The evolving character of the Republican government also requires re-examination. Was it a liberal democratic regime dependent upon Russian sup port but capable of true independence? Was Juan Negrín, the last premier and finance minister, a moderate socialist? Or was he, as Burnett Bolloten has argued so persuasively, the communists’ man, far more subservient to Moscow than was his predecessor largo Caballero, “the Spanish Lenin”? There is room for honest disagreement here, but surely no one can continue to maintain the fiction that the government that fell to Franco was one that reflected the essential decency and moderation of its meditative but politically irrelevant president, Manuel Azaña. Even Hugh Thomas concedes, for example, that the Republic’s communist-backed political police force, the SIM (Servicio de Investigacíon Militar) employed “all the vile torture of the NKVD.”

Finally, there is the nature of the war. Despite massive foreign intervention, it should be remembered that it was a Spanish civil war with roots deep in Spanish history. At least as far back as the Carlist War of the previous century, Spain had been torn by fundamental and irreconcilable antagonisms—regional, class, and religious. Of these, none, Gerald Brenan has written, ”was more bitter or envenomed than that between the Catholic Church and its opponents.” Enraged by the Church’s wealth and loyalty to the upper classes, “republicans” burned and despoiled churches and convents in Andalusia, Aragon, Madrid, and Catalonia.

“At no time in the history of Europe,” Hugh Thomas has observed without exaggeration, “has so passionate a hatred of religion and all its works been shown.” By the time the Republic was proclaimed in 1931, religious and antireligious hatreds were so intense that no conceivable compromise was possible. Spain would know peace only when one side or the other won an unconditional victory.

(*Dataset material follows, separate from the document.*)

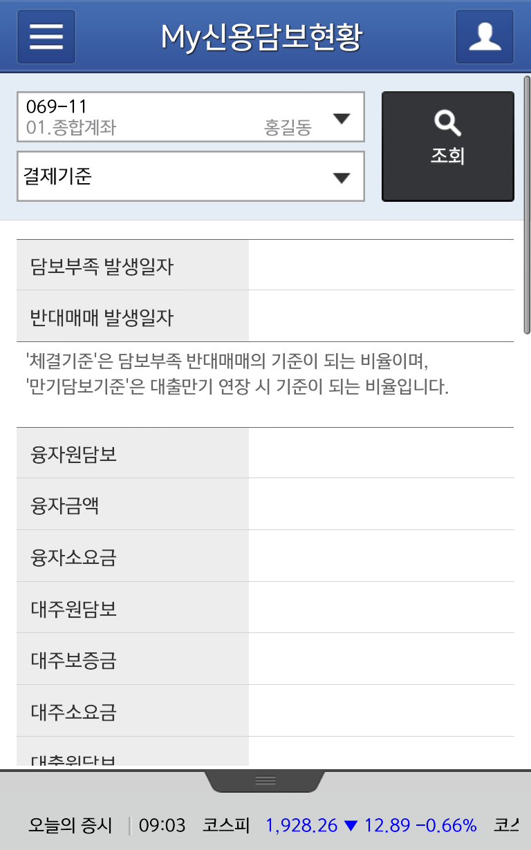 계좌별로 조회를 통해 신용/담보 현황을 확인하실 수 있습니다.

None of this had much to do with fascism or antifascism. There were, in fact, very few fascists in Spain and most of them were no more dangerous—dare one suggest they were less dangerous?—than the communists and such anarchists as Buenaventura Durutti, who was pleased to speak of the “discipline of indiscipline.” The dignified Falangist leader José Antonio Primo de Rivera, son of the military officer who ruled Spain from 1923 to 1930, was respected even by many of his enemies on the left—and was in no sense a Hitler. The Spanish Civil War as fascist/antifascist confrontation is yet another of the self-congratulatory myths of the left.

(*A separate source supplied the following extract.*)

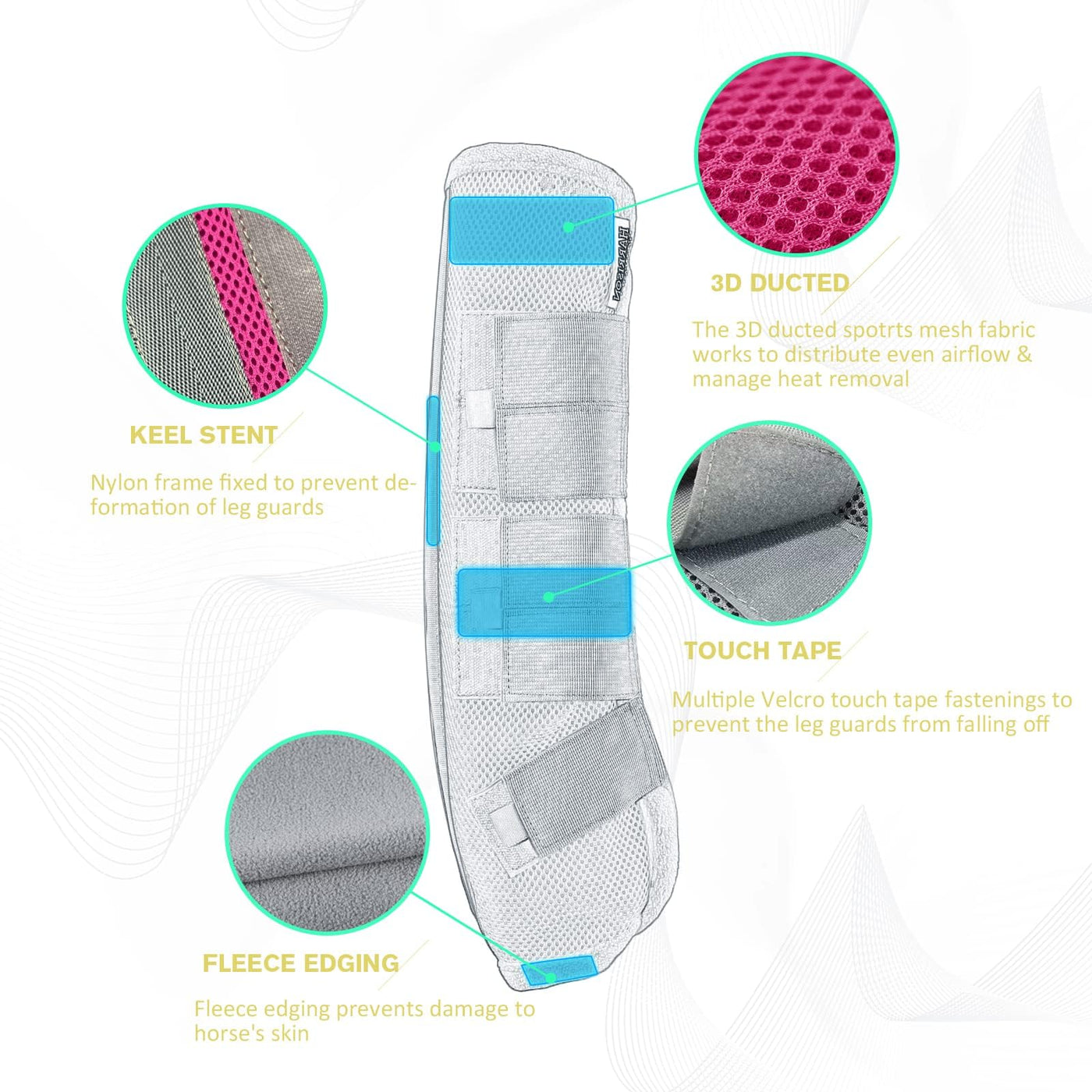 Harrison Howard Horse Fly Boots Leg Guards Fly Boots Protection Set of 4 Magenta Large Full Size

But if a study of the Spanish Civil War tells us little about the false formula of fascist vs. antifascist, it reveals much about Spain’s historical culture and the nature of the human condition. In one of the most powerful chapters of For Whom the Bell Tolls, Pilar, the revolutionary who was among Hemingway’s most successful female characters, describes in unsparing detail the murder of a town’s “fascists” by Pablo, her lover, and the revolutionary mob. It is a terrifying and unforgettable moment, a window into the heart of darkness. Yet, as Hemingway knew, the violence was not all on one side. The Caudillo was also consumed by an inordinate desire for retribution. Showing his enemies no mercy, he refused to curb the savage Moors and did not think it necessary to fault General Yagüe for making of Badajoz a city of corpses. However fortunate his victory may have been (given the alternative), Franco made himself the heir of Torque mada, the conquistadors, and the Duke of Alba.

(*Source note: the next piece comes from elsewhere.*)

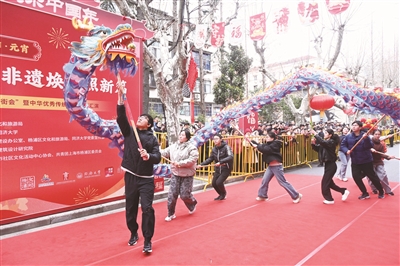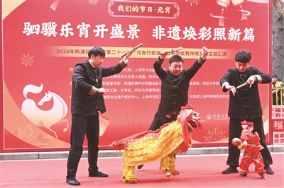 记者了解到,本届行街会上不仅有杨浦本土表演团队,还汇集了来自上海各区及外省市的一批非遗表演队伍——松江区新浜镇花篮马灯舞队手挑花篮,转圈舞动,灵动俏皮,彰显出一股子民间草根艺术的鲜活劲儿;浦东新场镇行街版江南丝竹乐婉转悠扬,笛声穿过喧闹的人群,给这条马路平添几分水乡雅韵;虹口精武武术队一招一式尽显功底,逗得不少孩子们有样学样、比划起来。还有江苏省苏州七都提线木偶、新疆驻沪人员新疆舞等,生动展现多元文化交融场景,形成一条流动的“非遗长廊”。

Perhaps no one has captured the world of Spanish hatred and cruelty more completely than Camilo Jose Cela. In his classic novel, The Family of Pascual Duarte (1942), Cela hit upon the ideal metaphor for his country’s blood-drenched history: Duarte’s compulsive and multi ple murders. In the final scene, this murderous picaro kills his mother, a ritual rehearsal of a people’s war against itself: “I threw myself upon her and held her down….We fought. It was the most awful struggle you can imagine….She kicked me. She hit me and bit me. Suddenly her mouth found my nipple, my left nipple, and tore it away. That was the moment I sank the blade into her throat.” Like Picasso’s “Guernica,” Cela’s novel is a vision of unbridled violence. Together they serve to remind us that the true significance of the Spanish Civil War lies in its reenactment of the time less drama of sin and blood sacrifice.